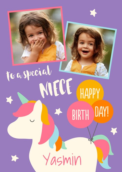 Unicorn To A Special Niece Happy Birthday Photo Upload Card
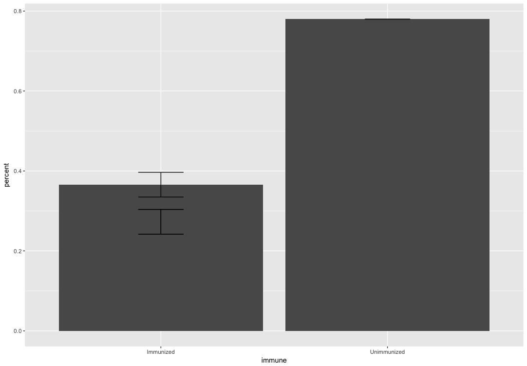 我正在创建一个条形图,画出他们是否被免疫的百分比。我还想把平均值的标准误差放在条形图中。
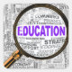 An education design with a magnifying glass over the word education. This design looks really effective on these Stickers
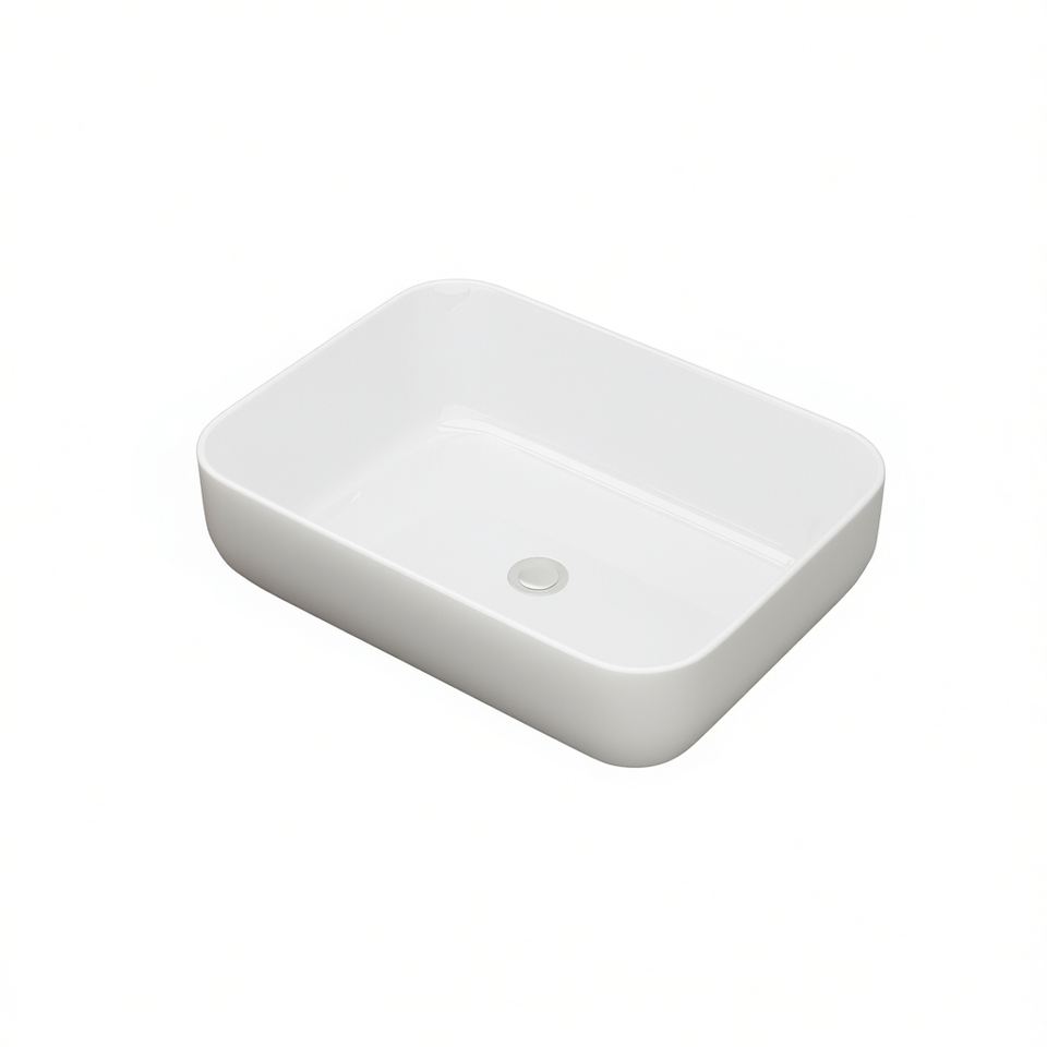 Vasque de salle de bain rectangulaire en céramique blanche 20x15 pouces, finition brillante, design minimaliste, montage sur plan
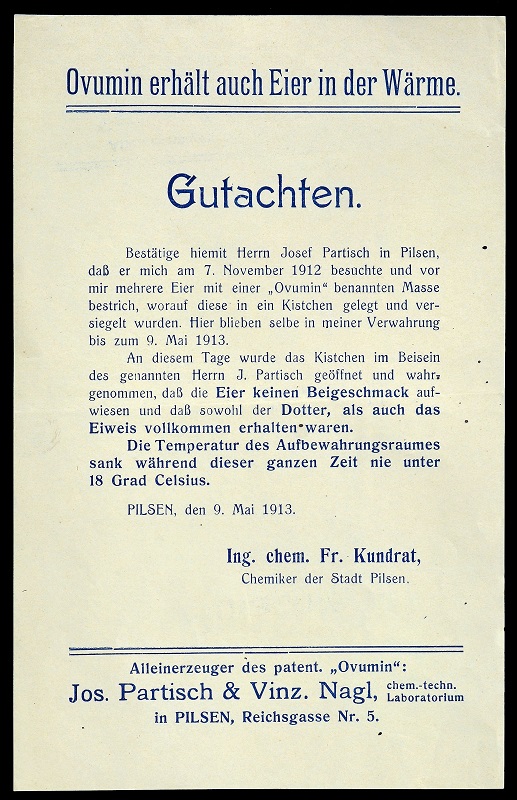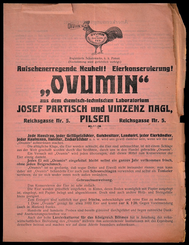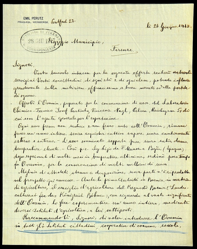 Il prodotto pubblicizzato in un carteggio del 1913, appartenente agli affari sfogati dal sindaco di Firenze marchese Filippo Corsini (ASCFi, Affari generali, lettera A, n. reg. 1788, anno 1913, CF 4742), supera tuttavia molte delle più audaci fantasie culinarie in materia. E’ il signor E. Perutz, agente generale del Laboratorio Chimico-tecnico Josef Partisch, Vincenz Nagl, Pilsen che scrive, da Praga, il 26 giugno 1913, sottoponendo all’attenzione del Municipio fiorentino un mirabolante preparato per la conservazione delle uova, l’OVUMIN, che a suo dire “recherà notevoli servigi ai vostri concittadini, di ogni età e di ogni classe, potendo influire grandemente sulla nutrizione efficacissima a buon mercato ed alla portata di tutti”. Come spiega Perutz, “ogni uovo fresco, non sudicio e non fesso, unto coll'Ovumin, rimane fresco un'anno intiero, senza acquistar cattivo sapore, senza cambiamento esterno o interno. L'uovo ovuminato sopporta pure, senza subir danno, temperature elevate”. E a supporto di tale sorprendente affermazione vengono riferite le esperienze di consumatori entusiasti, quali ad esempio “il Sig. hijo de F. Munoz a Bejar (Spagna)”, il quale “dopo esperimenti di molti mesi in temperature altissime, ordinò poco tempo fa Ovumin, per la conservazione di molti millioni di uova”, oppure “la prima autorità in Boemia in materia di agricoltura, il consiglio d'agricoltura del Regno di Boemia (Landes-culturrat fur das Konigreich Bohmen)” che “con riguardo al vasto significato dell'Ovumin, lo fece esperimentare un'anno intiero, mediante diversi Istituti d'agricoltura, a lui sottoposti”. Non manca un prospetto annesso, che riproduce una parte delle migliaia di attestati (oggi diremmo recensioni!) disponibili, a testimonianza dell’efficacia dell’invenzione. Sicuro del fatto suo, Perutz si spinge fino a raccomandare agli amministratori locali di “voler introdurre l'Ovumin in tutti gli Istituti cittadini, cooperative di consumo, scuole, ospedali, ecc.”, come pure di “distribuirne gratuitamente fra le famiglie povere” poiché “coll'introdurre l'uovo ovuminato, sempre fresco, resistentissimo in ogni stagione in gran parte dei focolai poveri o meno agiati, contribuirete con piccola spesa immensamente al benessere popolare”. Termina poi con indicazioni più pratiche e molto meno idealistiche: “Un chilogrammo di Ovumin basta per quattordici mila uova. Il prezzo è di Lire 12 (dodici) il chilogrammo, reso in stazione di Praga, pagamento a consegna della merce allo speditore, in stazione di Praga (Boemia)”.

■ **What you will do**: Write out the data above in full and exactly, but without the pictures.

■ **Answer to the problem**:
 Unicorn To A Special Niece Happy Birthday Photo Upload Card
 我正在创建一个条形图,画出他们是否被免疫的百分比。我还想把平均值的标准误差放在条形图中。
 An education design with a magnifying glass over the word education. This design looks really effective on these Stickers
 Vasque de salle de bain rectangulaire en céramique blanche 20x15 pouces, finition brillante, design minimaliste, montage sur plan
 Il prodotto pubblicizzato in un carteggio del 1913, appartenente agli affari sfogati dal sindaco di Firenze marchese Filippo Corsini (ASCFi, Affari generali, lettera A, n. reg. 1788, anno 1913, CF 4742), supera tuttavia molte delle più audaci fantasie culinarie in materia. E’ il signor E. Perutz, agente generale del Laboratorio Chimico-tecnico Josef Partisch, Vincenz Nagl, Pilsen che scrive, da Praga, il 26 giugno 1913, sottoponendo all’attenzione del Municipio fiorentino un mirabolante preparato per la conservazione delle uova, l’OVUMIN, che a suo dire “recherà notevoli servigi ai vostri concittadini, di ogni età e di ogni classe, potendo influire grandemente sulla nutrizione efficacissima a buon mercato ed alla portata di tutti”. Come spiega Perutz, “ogni uovo fresco, non sudicio e non fesso, unto coll'Ovumin, rimane fresco un'anno intiero, senza acquistar cattivo sapore, senza cambiamento esterno o interno. L'uovo ovuminato sopporta pure, senza subir danno, temperature elevate”. E a supporto di tale sorprendente affermazione vengono riferite le esperienze di consumatori entusiasti, quali ad esempio “il Sig. hijo de F. Munoz a Bejar (Spagna)”, il quale “dopo esperimenti di molti mesi in temperature altissime, ordinò poco tempo fa Ovumin, per la conservazione di molti millioni di uova”, oppure “la prima autorità in Boemia in materia di agricoltura, il consiglio d'agricoltura del Regno di Boemia (Landes-culturrat fur das Konigreich Bohmen)” che “con riguardo al vasto significato dell'Ovumin, lo fece esperimentare un'anno intiero, mediante diversi Istituti d'agricoltura, a lui sottoposti”. Non manca un prospetto annesso, che riproduce una parte delle migliaia di attestati (oggi diremmo recensioni!) disponibili, a testimonianza dell’efficacia dell’invenzione. Sicuro del fatto suo, Perutz si spinge fino a raccomandare agli amministratori locali di “voler introdurre l'Ovumin in tutti gli Istituti cittadini, cooperative di consumo, scuole, ospedali, ecc.”, come pure di “distribuirne gratuitamente fra le famiglie povere” poiché “coll'introdurre l'uovo ovuminato, sempre fresco, resistentissimo in ogni stagione in gran parte dei focolai poveri o meno agiati, contribuirete con piccola spesa immensamente al benessere popolare”. Termina poi con indicazioni più pratiche e molto meno idealistiche: “Un chilogrammo di Ovumin basta per quattordici mila uova. Il prezzo è di Lire 12 (dodici) il chilogrammo, reso in stazione di Praga, pagamento a consegna della merce allo speditore, in stazione di Praga (Boemia)”.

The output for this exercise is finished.